1
votes

I am trying to write to BigQuery using google dataflow. But the data is corrupt because of which the data I am trying to write in a column of a table in BigQuery is not matching the datatype of that column. So the job logs show errors like the one given below:

BigQuery job "dataflow_job_6154554826811450962-B" in project "analytics-repo-dev" finished with error(s): errorResult: JSON table encountered too many errors, giving up. Rows: 1951; errors: 1., error: JSON table encountered too many errors, giving up. Rows: 1951; errors: 1., error: JSON parsing error in row starting at position 32470424514 at file: gs://abhishek_bucket/staging_bucket/6154554826811451567/dax-tmp-2016-08-21_08_10_40-11073983896195810394-S122-1-e7a57fb7a3ac697f/-shard-00000-of-00001-try-2ac1f1192effdfbb-endshard.json. Could not parse '20-259228628. ' as a timestamp. Required format is YYYY-MM-DD HH:MM[:SS[.SSSSSS]] Field: Ts; Value: 20-259228628.

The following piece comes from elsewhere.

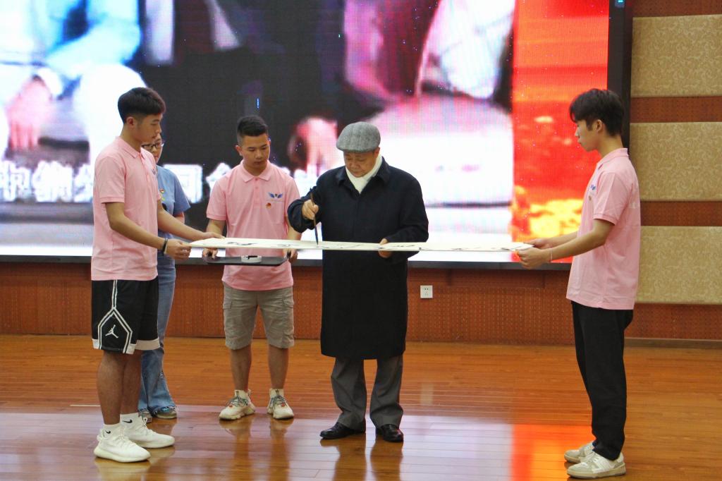 《春天的故事》旋律响起,陈家甫先生扮演的“邓小平同志”缓缓走进会场。他首先以极似邓小平同志的嗓音演绎了“南方谈话”,为大家再现了小平的风采,回顾了小平同志波澜壮阔的一生,并现场用邓体书法写下“发展才是硬道理”赠与我校师生。

The problem is these are "errors" and not "exceptions". So the moment Dataflow gets these errors, the entire dataflow job stops. So I need a mechanism to "catch" them. Had these messages been "exceptions", I would have handled them separately and the job would not have failed completely.

So is there a way to get the actual exceptions which get raised when i try to write bad data to BigQUery in Google Dataflow?

1

1 Answers

2
votes

This is a known issue with the streaming BigQueryIO sink; unfortunately there's not a good workaround, besides doing validation in your own DoFn before the BigQueryIO.Write. Doing that will allow you to drop, fix, or output to another sink any records that are invalid.